The diversity you appreciate… Is it cultural? racial? something else?

And do you consider it superior, morally or otherwise, to prefer dissimilarity over similarity? That a group of people who are diverse is better — in some ways, in all ways? — than a group of people who are alike? I’m sure you’ve heard the meme, “Diversity is our strength.” Would you say that diversity is always strength, and homogeneity is always a liability?

Would you advise me how important it is — compared to other important things in life — to have a level of comfort with people of all cultures? 

I find these questions most revealing of the person who asked them. Doubtless one could point out that they are problematic and reflect assumptions that one might reject. But let me offer a few observations:

First, one should not define diversity too narrowly. There’s gender, race, ethnicity, faith, ideology, sexual preference, and class, for beginners. All too often diversity’s reduced to race, which is a rather narrow view of diversity.

Second, diversity depends on interaction: it is not only who one is (and who everyone else is) but how the people in the group interact that tests a commitment to diversity.
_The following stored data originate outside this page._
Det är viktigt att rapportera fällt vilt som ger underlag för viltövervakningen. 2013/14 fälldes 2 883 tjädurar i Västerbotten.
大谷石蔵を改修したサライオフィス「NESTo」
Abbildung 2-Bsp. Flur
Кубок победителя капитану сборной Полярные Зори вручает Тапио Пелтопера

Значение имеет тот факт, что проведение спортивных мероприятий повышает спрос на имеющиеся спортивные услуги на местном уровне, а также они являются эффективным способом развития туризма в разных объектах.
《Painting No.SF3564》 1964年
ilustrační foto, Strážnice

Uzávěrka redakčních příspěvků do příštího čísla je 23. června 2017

Let me offer an example: say you like to take and circulate pictures of your group, and in those pictures you feature a non-white face in a sea of white faces. Does that make the group diverse? Of course not. Now, what if that non-white person wants to date someone within the group … that might test the group’s commitment to diversity. Moreover, let’s not limit those dating choices to people of the opposite sex. Now how diverse is the group? How tolerant is it? How accepting are its members of diversity, and how comfortable are they with it?

The question as to whether diversity is “superior” to sameness betrays the questioner’s fears about diversity and its consequences. Some people will argue that diversity is indeed superior to sameness. For example, major league sports benefit from embracing diversity in assembling their talent pool. You want the best athletes, regardless of race or ethnicity. Take the recent IIHF tournament. Teams represented nationalities, but many of the players were under contract or were draft choices of NHL teams. You could spot future NHL prospects on many of the teams.
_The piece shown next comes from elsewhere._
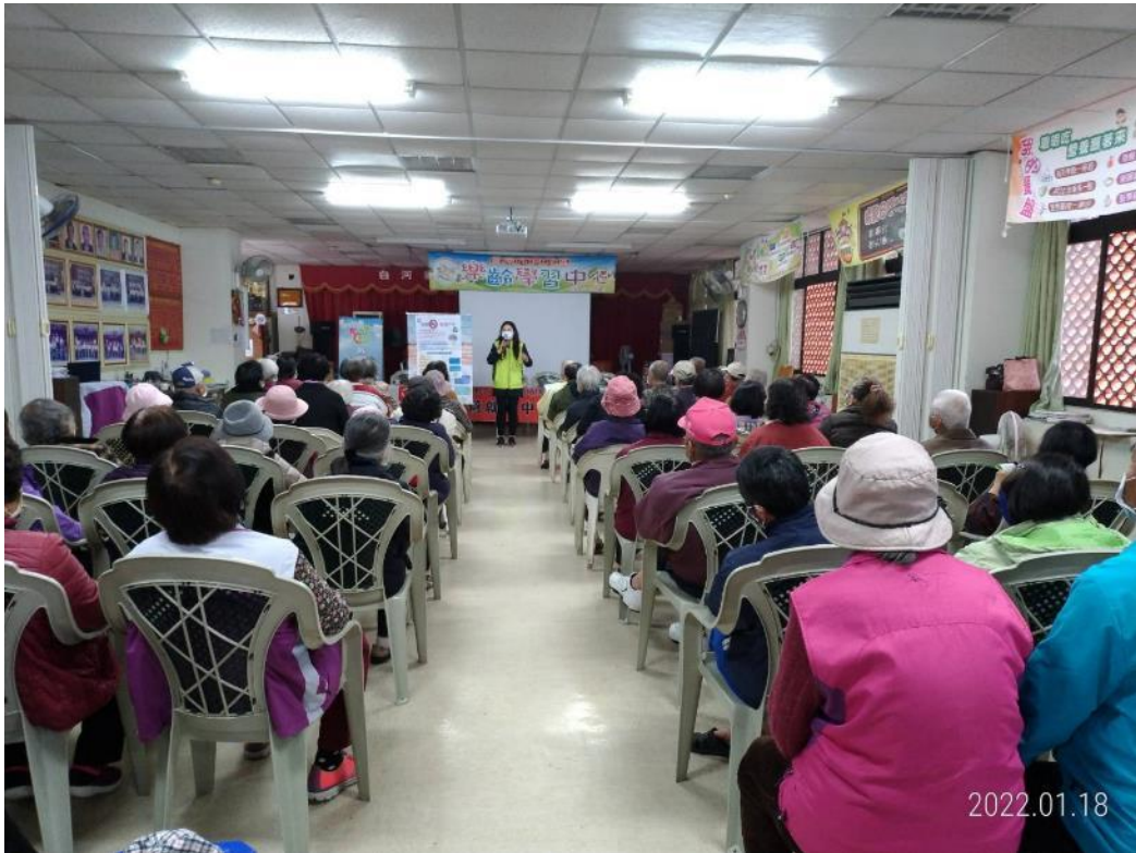
運用自製海報宣導 CEDAW 精神與性別平等概念
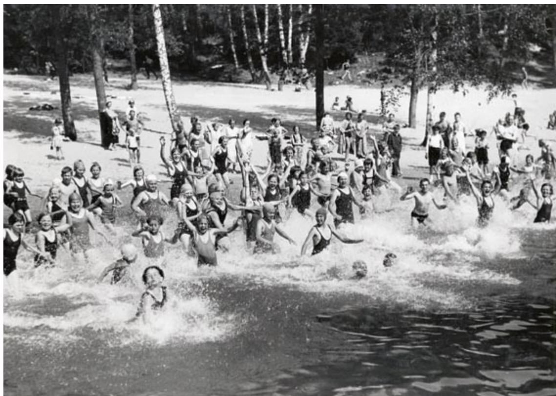
Barnbadet i juni 1934

skaffa bil och kanske t.o.m. åka på chartersemester. Nu fick föräldrarna nya möjligheter att ge sina barn tillgång till bad och sol. Badbussarna i sin traditionella form upphörde helt under 70-talet. Dock har Farsta fortsatt med egna badbussar ända till nu.

One could also argue that what’s important here is what one makes of that diversity that tells us whether it’s a strength or weakness. Again, diversity is more than a matter of descriptive demography. That said, I haven’t heard much of an argument about the superiority of sameness unless someone assumes that they belong to the group in question: thus the superiority of sameness is a treasured belief of white supremacists. Such people reject not only diversity but also equality. I think that’s a weakness born of fear: a fear that one can’t compete in an open field against other people. Thus white supremacy barely conceals a fear of white inferiority.
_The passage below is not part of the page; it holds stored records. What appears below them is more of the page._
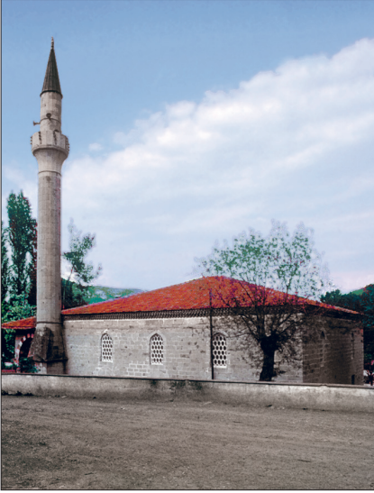
Vezirhan Köprülü Camii

ulaşmamıştır. Külliye'nin inşasından sonra bölge Vezirhan adıyla tanınmıştır. Etrafı bir avlu duvarı ile çevrili olan camiye avlunun kuzeyindeki basık kemerli bir kapı ile ulaşmaktadır. Cami kesme taş malzemeye inşa edilmiştir ve önündeki son cemaat yeriyle birlikte üzeri kiremit kaplı ahşap çatı ile örtülmüştür. Beş birimli son cemaat yerinde sol taraf iki, sağ taraf tek kemerli olarak düzenlenmiştir. Sekizgen kesitli pâ-yelere oturan sivri kemerlerden sol yanda cami beden duvarına bağlanan kemerle cephede kapı aksında yer alan orta kemer diğerlerinden daha küçük ele alınmıştır. Son cemaat yerine yuvarlak kemerle açılan harim 17,30 x 18,60 m. ebadında kareye yakın dikdörtgen planlıdır. Çift sıra pencerelere sahip olan yapıda alt sıradaki pencereler kemerli alınlıklar altında dikdörtgen açıklıklı, söveli ve lokma demir parmaklıklılıdır. Üst sıradaki pencereler ise sivri kemerli açıklıklı olup filgözü dışlıklara sahiptir. Pencereler mihrap ve son cemaat yeri duvarında ikili düzende, yan duvarlarda üçlü düzendedir. Beden duvarlarının üzeri tuğladan üç sıra kırıncı saçakla çevrelenmiştir. Harim ve son cemaat yeri ahşap tavanlıdır. Mihrap kalem işleriyle süslüdür. İki yanda alt ve üst uçları palmetle sonlanan iri burmalı sütunçe şeklinde bir bezeme ile sınırlanan mihrapta üst kısımlar bitkisel dekorlu dikdörtgen alanlarla çevrelenmiştir. En üstte bitkisel süslemeli bir tepelik yer alır. Beş kenarlı nişte kavsara dilimlere ayrılmış olup alta ortasında kandil motifi bulunan perde
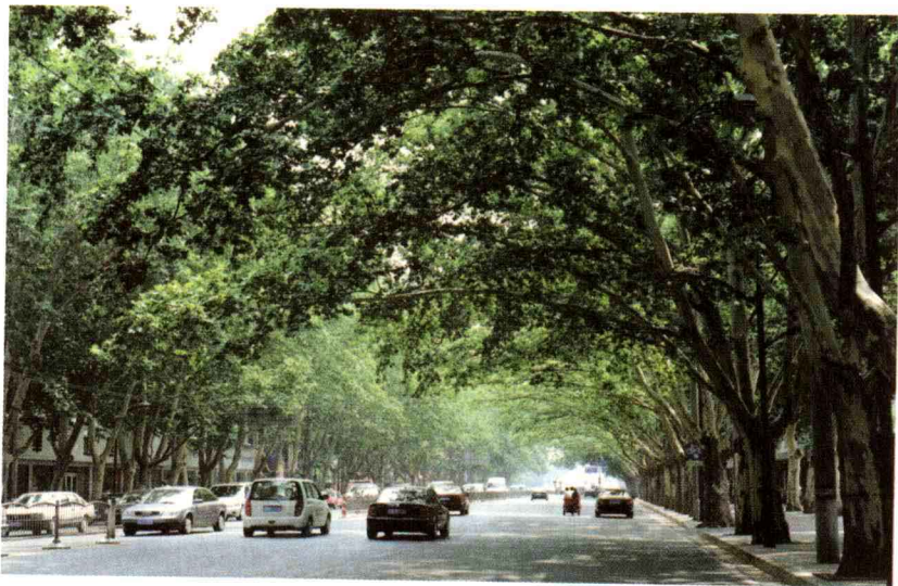
绿荫遮天的人民路法桐树

1961年以后,郑州市对街道绿化树种作大幅度调整和充实,增大了耐干旱、少病虫害树种的比重,大量充实常绿树种和花灌木,还与林业和卫生部门合作,多次组织飞机喷药,进行杨树社蛾和大袋蛾等害虫的防治。1963—1965年,道路绿化水平逐步升级,完成嵩山路、中原路、伊河路等新建道路的绿
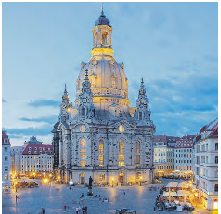
Einer der Höhepunkte des Programmes: der Besuch in der Frauenkirche Dresden inklusive Orgel-Konzert.

Intellectual sameness leads to staleness: it is the interplay of various ideas that helps advance understanding. As for the impact of diversity, that depends on how people address the opportunity offered by that diversity to learn from each other, engage in new experiences, and understand how other people think and act. I don’t think those are bad things.

Finally, I think it is very important to have “a level of comfort” with people who are not like me. Otherwise I shut them out and betray my own fear of the different (that the questions are framed as exercises in “superiority” and not “enrichment” tells me that fear is at the root of the questioner’s questions).

Those are some of my thoughts in brief.

What say you?


22 thoughts on “Diversity: Some Questions

  1. Al Mackey January 6, 2014 / 11:19 am

    As you said, Brooks, there are a multitude of factors to consider regarding diversity, including backgrounds. It’s a conclusive fact that highly diverse groups deliver higher quality solutions to problems posed in the workplace. That’s why Kaizen teams in the Toyota Production System must consist of workers drawn from all areas of the operation, not just the one undergoing the improvement. Having a diverse group look at the problem means you have people of different backgrounds, orientations, and ways of thinking and relating to the problem all bringing their perspectives to bear. Excluding people on the basis of being different artificially limits the potential for a higher quality solution.

  2. Thelibertylamp January 6, 2014 / 1:09 pm

    Diversity has always been the bases of progressive thought. To join together cultures, races and nations to unify in progression in the arts, music, literature, peaceful societies, science and engineering and other areas that will advance humanity.

    The tribalist mentality is very threatened by “others” their fears are usually based in ignorance and remain closed minded to progression. They tend to fancy themselves “traditionalists” and if most of them had it their way they would be turning back the hands of time to serve for their own selfish advantages.

  3. Buck Buchanan January 6, 2014 / 2:10 pm

    One of the most diverse groups I have ever belonged to was my mechanized infantry battalion. We had folks from all over the world….truly all over the world. Samoans, Irish (actual from Ireland, not from South Boston), Korean-Americans, Armenian, WASPS, Eastern Europeans, African Americans, Native Americans….the list went on and on.

    Of the six company commanders we had an Italian American, 2 African Americans, a Scottish American (yours truly), a German American and a Vietnamese American. Operations Officer was Irish American, intel officer Native American, Battalion Comamnder was African American (spitting image of Bill Cosby). We were products of West Point, ROTC, OCS and 1 direct commission

    Our NCO corps was just as diverse as were all of our soldiers.

    And we were a kickass bunch….and we proved it in training AND in war.

    Our differences, in many ways, made us better and a more cohesive team.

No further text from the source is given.